The main mission of ATS-6 was to demonstrate the feasibility of direct-to-home (DTH) television broadcasting. To this end, in addition to the high-gain antenna, the spacecraft payload was able to receive in any of the VHF, C, S and L-bands, and to transmit in S-band (2 GHz) through a 20-W solid state transmitter, in L-band (1650 MHz) at 40W, in UHF (860 MHz) at 80W (which was used for the Satellite Instructional Television Experiment (SITE)), and with a TWTA-based transmitter of 20 W in C-band (4 GHz). The antenna produced two spots on earth of 400,000 km2 each, in which the TV broadcast could be received with 3 m diameter antennas. This payload was first used over the United States for tele-education and tele-medicine experiments, from August 1974 to May 1975 as part of the HET, or Health, Education, Telecommunications experiment developed jointly by NASA and the US Department of Health, Education, & Welfare (now DHHS). The spacecraft was then moved over the geo-stationary arc from 94 °W to 35 °E, in collaboration with the Indian Space Agency (ISRO), who had deployed in India more than 2500 receive ground stations. The move of the satellite from 94 degrees West to 35 degrees East, a journey of 12800 km, was actioned from the ground station at Rosman North Carolina This relocation involved 2 rocket burns of the onboard rocket motor. The 2nd burn lasting 5 hours 37 minutes and 17 seconds. The longest burn ever done by a chemical rocket in space at that time. A tele-education programme was started – Satellite Instructional Television Experiment or SITE – and run for one year. During the experiment, a receive station was offered by the Indian Government to Arthur C. Clarke, who was living in Sri Lanka. This experiment was highly successful, and encouraged ISRO to start building an operational program, with the Indian spacecraft INSAT IB (launched 1983). After the SITE experiment, the satellite was brought back over the United States, and served notably as a data-relay and tracking satellite for low-orbit spacecraft such as Nimbus 6, and for the Apollo-Soyuz flight.
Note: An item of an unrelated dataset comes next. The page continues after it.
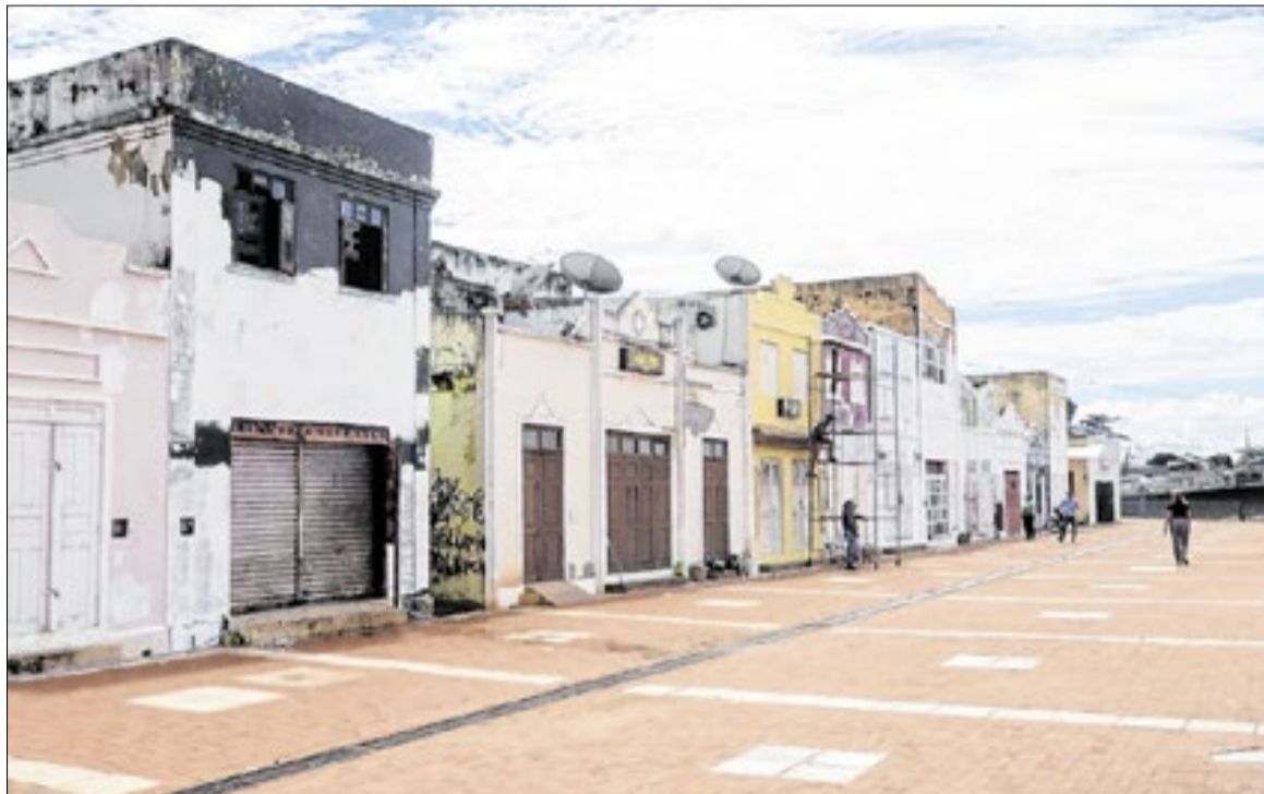
O Calçadão do Mercado é um dos principais pontos turísticos de Rio Branco

Durante o evento, a governadora destacou a importância da obra para a cidade e para a população. “Estamos dando um passo importante para revitalizar um dos espaços mais históricos de

=== Particle physics experiments ===
Several particle physics experiments were on board ATS-6. The most significant measured low energy protons (from 25 keV to 3.6 MeV), as well as detected heavy ions (up to 6 MeV). This latter experiment allowed to detect the first heavy ions (Z > 6) with an energy E > 4 MeV, in geostationary orbit.

=== Propagation experiments ===
Finally, ATS-6 embarked several radio beacons, which allowed to measure electromagnetic propagation properties of the atmosphere at 13, 18, 20 and 30 GHz.

== Decommissioning ==
By June 30, 1979, only one of the four ATS-6 station keeping thrusters was working, and was showing signs of unreliability. This thruster was used to move ATS-6 out of geostationary orbit to an orbit several hundred kilometers higher. This was to vacate the geostationary slot for the next satellite.